Task to complete
From the records that follow, return exactly the lines beginning at the one that contains "塩 | 予約困難店コラボ。貝出汁の極致 |" and ending at the one that contains "Por ejemplo, con", pictures left out.

Data to process
* * *

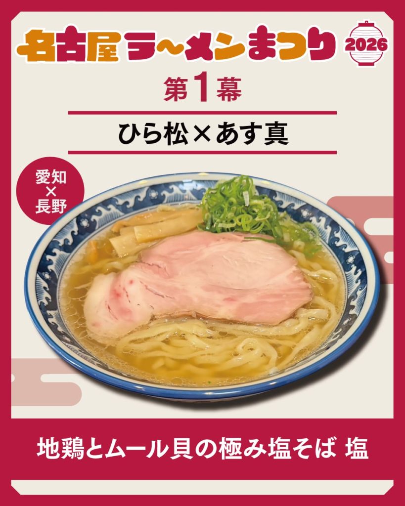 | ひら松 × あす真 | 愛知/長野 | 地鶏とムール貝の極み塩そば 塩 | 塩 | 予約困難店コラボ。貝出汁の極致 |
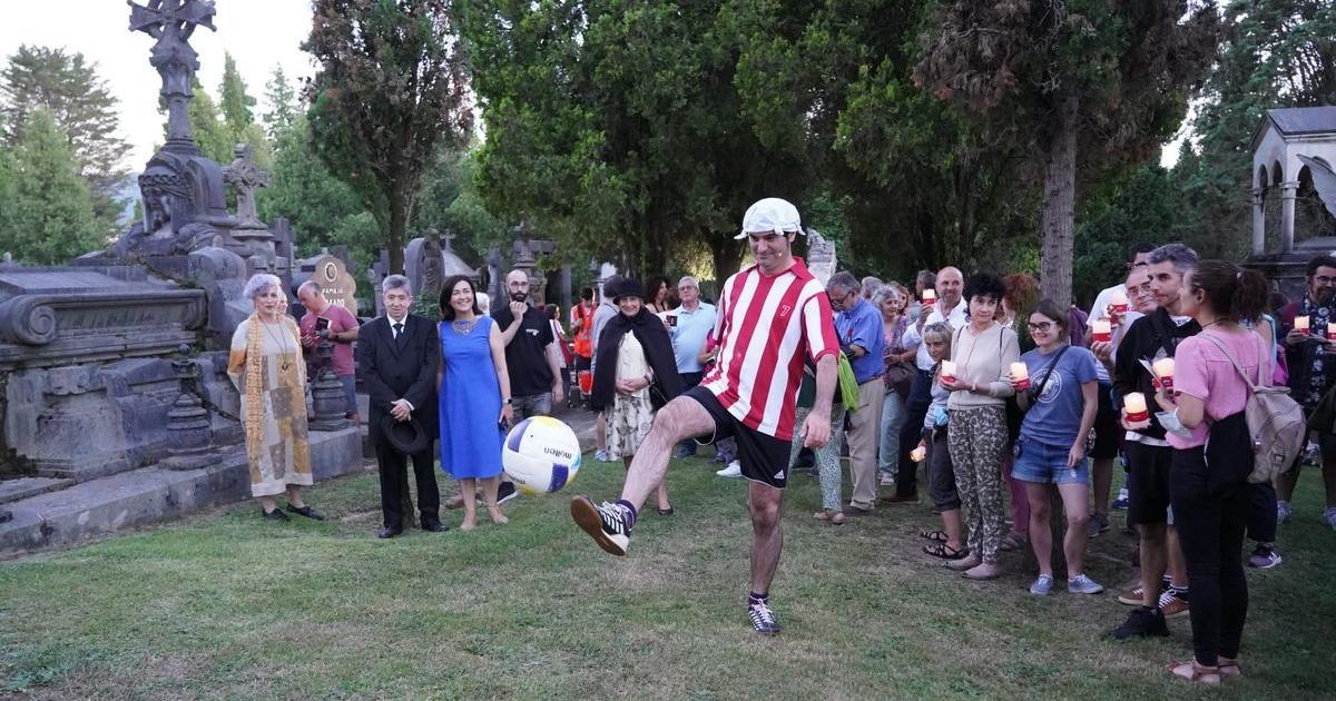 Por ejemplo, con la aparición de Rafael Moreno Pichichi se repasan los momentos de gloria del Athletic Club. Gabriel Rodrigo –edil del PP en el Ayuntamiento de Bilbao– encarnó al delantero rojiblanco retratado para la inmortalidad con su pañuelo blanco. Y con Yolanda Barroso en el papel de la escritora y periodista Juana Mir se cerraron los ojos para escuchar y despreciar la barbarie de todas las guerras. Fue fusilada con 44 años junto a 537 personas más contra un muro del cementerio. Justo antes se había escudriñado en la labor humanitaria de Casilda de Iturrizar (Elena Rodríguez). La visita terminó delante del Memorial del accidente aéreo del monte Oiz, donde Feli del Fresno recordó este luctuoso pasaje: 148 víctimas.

* * *

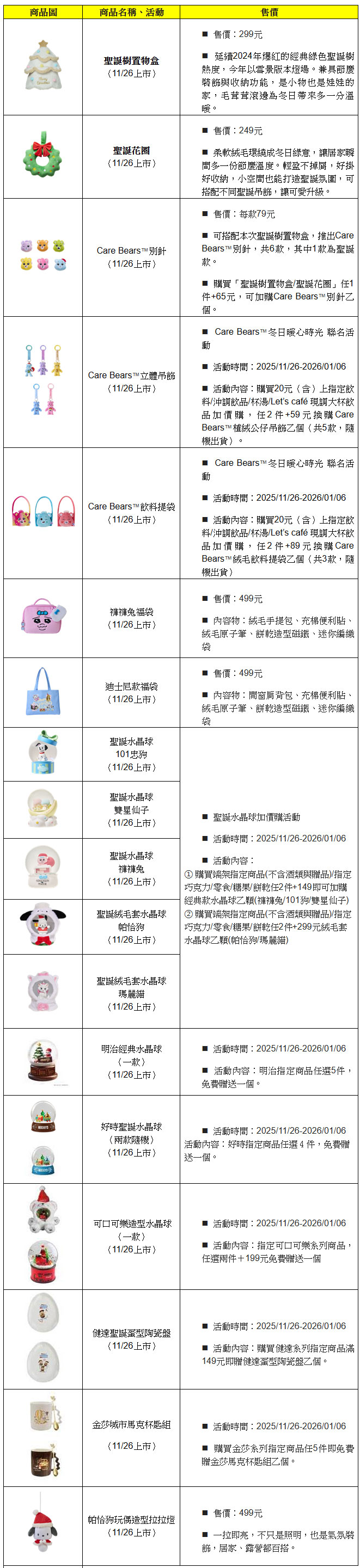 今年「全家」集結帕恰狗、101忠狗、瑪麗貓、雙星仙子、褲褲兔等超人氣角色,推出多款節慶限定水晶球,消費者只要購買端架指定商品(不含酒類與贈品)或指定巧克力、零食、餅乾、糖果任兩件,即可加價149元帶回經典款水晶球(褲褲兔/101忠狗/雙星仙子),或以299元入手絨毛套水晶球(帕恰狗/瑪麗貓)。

* * *

Expected output
 | ひら松 × あす真 | 愛知/長野 | 地鶏とムール貝の極み塩そば 塩 | 塩 | 予約困難店コラボ。貝出汁の極致 |
 Por ejemplo, con la aparición de Rafael Moreno Pichichi se repasan los momentos de gloria del Athletic Club. Gabriel Rodrigo –edil del PP en el Ayuntamiento de Bilbao– encarnó al delantero rojiblanco retratado para la inmortalidad con su pañuelo blanco. Y con Yolanda Barroso en el papel de la escritora y periodista Juana Mir se cerraron los ojos para escuchar y despreciar la barbarie de todas las guerras. Fue fusilada con 44 años junto a 537 personas más contra un muro del cementerio. Justo antes se había escudriñado en la labor humanitaria de Casilda de Iturrizar (Elena Rodríguez). La visita terminó delante del Memorial del accidente aéreo del monte Oiz, donde Feli del Fresno recordó este luctuoso pasaje: 148 víctimas.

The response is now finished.